樑嘯捻着手指,似笑非笑的看着董仲舒,彷彿在看一頭獵物。
董仲舒吹牛不打草稿,求一次成一次?真要這麼神,你就不是大儒,而是神仙了。光說不練假把式,不把你這張牛皮捅個稀巴爛,我都對不起穿越這一回。
天人感應是董仲舒對策中的三大支柱之一,也是最脆弱的支柱。別看他理論說得頭頭是道,實質不堪一擊。董仲舒後來倒黴,就是因爲說災異,說得信心滿滿,結果轉身就被自家弟子打了臉。
樑嘯勸淮南王不要急着和董仲舒硬碰硬,不是怕董仲舒,而是不想倉促應戰,搞得你死我活。如果是空對空,儒也好,道也罷,其實大家都差不多,誰也沒有明顯的優勢。在天子對黃老有成見的情況下,淮南王必輸無疑。
暫時讓一步,扎穩根基,同時耐心的等待董仲舒露出的破綻,是樑嘯早就計劃好的戰術。他原本以爲需要幾年時間,沒想到董仲舒到任不到半年就祭出了求雨這種昏招。
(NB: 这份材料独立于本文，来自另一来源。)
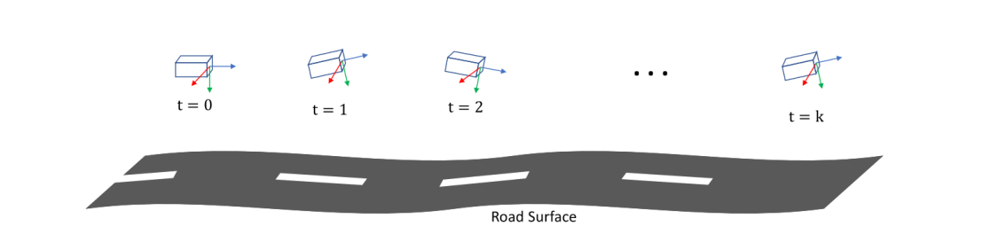 状态初始化:初始状态向量包含车辆的位姿和地平面法线向量。初始值可以通过静态条件下的简单测量或估计获得。
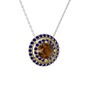 Dumanlı kuvars ve lab safir 18 ayar altın kolye (40 cm beyaz altın rolo zincir)

君子見機而作。樑嘯迅速咬住了董仲舒的破綻,一擊命中。
董仲舒面色蒼白,冷汗涔涔。他很清楚,樑嘯不是普通的對手。論學問,樑嘯可能不怎麼樣,連一個普通士人都不如,更別說他和淮南王這樣層次的學者了。可是論戰術,樑嘯絕對是高手,淮南王固然不及,他董仲舒同樣沒有必勝的把握。
求雨靈不靈?
董仲舒相信天人感應,可是他也知道求雨不靈,至少不像他希望的那麼靈。說靈不過是掩人耳目而已。可是。如果承認求雨不靈。那天人感應就成了一句空話。樑嘯必然窮追猛打。逼他自打耳光。他的對策也成了胡說八道,欺君妄言。
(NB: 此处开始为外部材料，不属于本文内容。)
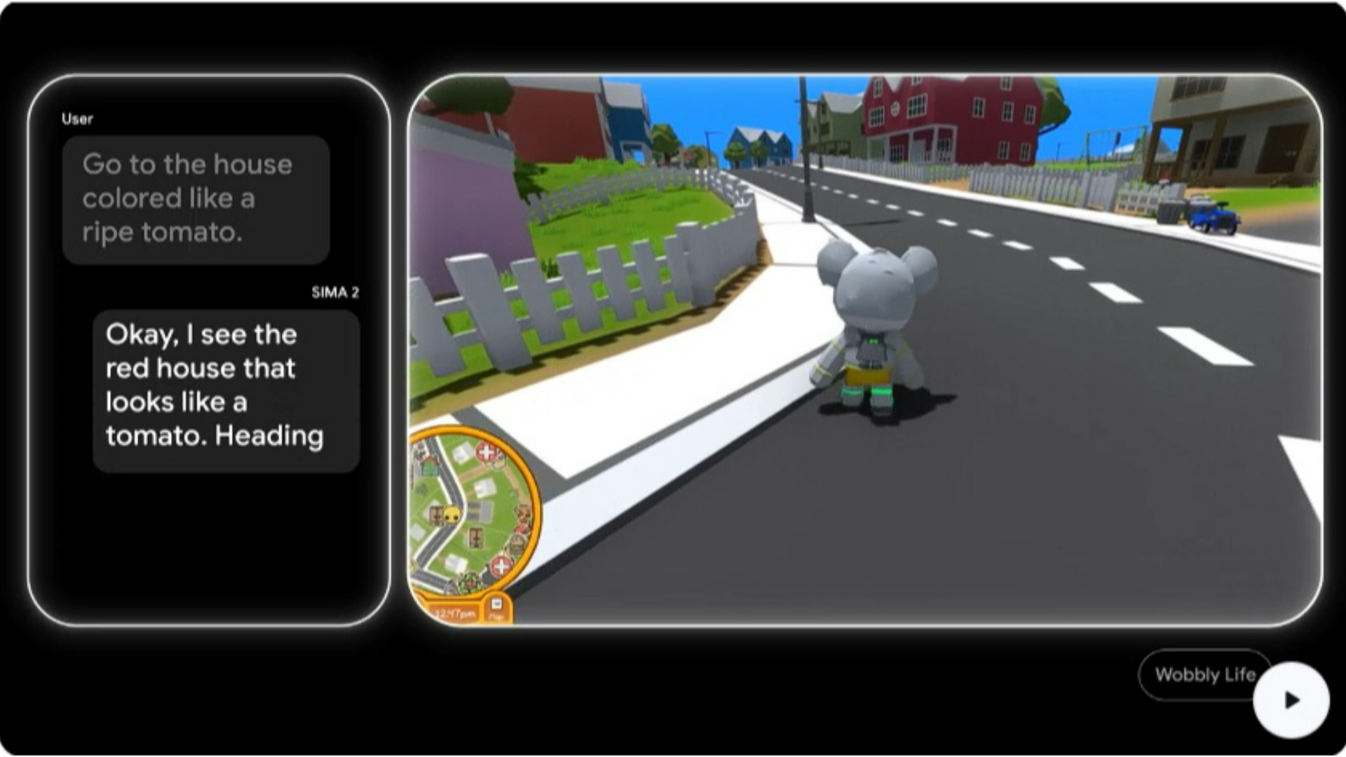 Per questo l’ultima meraviglia di DeepMind, il laboratorio di ricerca sull’IA britannico di Alphabet (cioè Google), a prima vista potrebbe sembrarci un po’ deludente. Si chiama Sima 2, sigla che sta per Scalable Instructable Multiworld Agent, “agente multi-mondo scalabile e istruibile”, ed è bravissimo a giocare ai videogiochi. Spiegano da DeepMind che il vecchio Sima, introdotto l’anno scorso, era capace di entrare nel mondo del videogioco e rispondere a comandi semplici da parte di un essere umano: obbediva a ordini tipo «gira a destra», «sali la scala» o «apri la mappa», in seicento lingue. Sima 2 è decisamente qualcosa di più. Grazie all’utilizzo di Gemini, il sistema IA di Google, il nuovo Sima dispone di «potenti capacità di ragionamento che lo aiutano a comprendere l’obiettivo di alto livello dell’utente, a svolgere ragionamenti complessi per raggiungerlo e a eseguire abilmente azioni orientate allo scopo all’interno dei giochi». Concretamente, inserito in un videogioco Sima 2 si comporta come farebbe un personaggio comandato da un essere umano: ragiona sul da farsi, spiega quello che intende fare, descrive i passaggi necessari per raggiungere i suoi obiettivi. Interagire con un agente di questo tipo, spiegano da DeepMind, «è come collaborare con un compagno che ragiona sul compito da svolgere»

不承認,死扛到底?那恐怕也不行。一旦樑嘯把他求雨的事宣揚出去,天下人都會盯着他。這幾年天災頻頻,如果天子把風調雨順的希望放在他頭上,遲早會出事。欺君之罪足以讓他永世不得翻身。
不管承認不承認,欺君之罪似乎都已經坐實了。
不管什麼事,一旦涉及到欺君。都不是什麼小事。
樑嘯站了起來,慢條斯理的甩甩袖子。“董公不用着急,我還有幾天才走,你慢慢考慮。我走之前,你給我一個答覆就行。”
說完,他一搖二擺地下了堂,揚長而去,留下董仲舒一人發呆。
董仲舒思考對策的時候,樑嘯也沒閒着。他除了回青雲裡看望舊鄰里之外,還做了幾件事。
首先。他走訪了從東甌遷來的移民。當年他曾經建議移藩鎮邊,天子沒有接受。採納了嚴助的建議,將東甌人遷到了江淮地區,其中有很大一部分就安置在江都國境內。他走訪這些移民,查看他們的安居情況。
結果正如他預料的那樣,不容樂觀。風俗習慣不同只是他們與本地居民發生衝突的原因之一,更重要的問題是土地。江都國沒有那麼多的土地安置他們,很多人到現在也沒能達到生活的最低標準,只能爲奴爲婢,怨聲載道,甚至有人逃亡過江,回去做了閩越的臣民。
其次,樑嘯重點查訪了豪強侵佔土地,魚肉鄉里的情況。
黃老之道爲什麼會被歷史拋棄?其無爲之政在休養生息的同時,也讓豪強們的勢力迅速膨脹,侵吞了本應該由朝廷和百姓們分享的利益,成了社會的毒瘤。豪強們上侵皇權,下害百姓,尾大不掉,逼得朝廷使出暴烈手段的同時,也讓無數百姓破產。
荼家被逼着賣地,就是豪強們橫行鄉里的社會縮影。
如果不解決這個問題,不管樑嘯怎麼努力,黃老之道都很難重新登上政治舞臺。
這些問題並不是什麼隱蔽的問題,樑嘯沒花什麼時間,就收集到了一大堆證據。他花了兩天時間,用自己半通不通的文字寫成奏章,派人送往長安。
董仲舒等人忙着辦理喪事,誰也沒有注意樑嘯不聲不響地幹了這麼一件大事。
天子收到樑嘯的奏疏,沉吟半晌,讓人把嚴助叫了過來。“去丞相府,重新審計江都國的上計簿書。”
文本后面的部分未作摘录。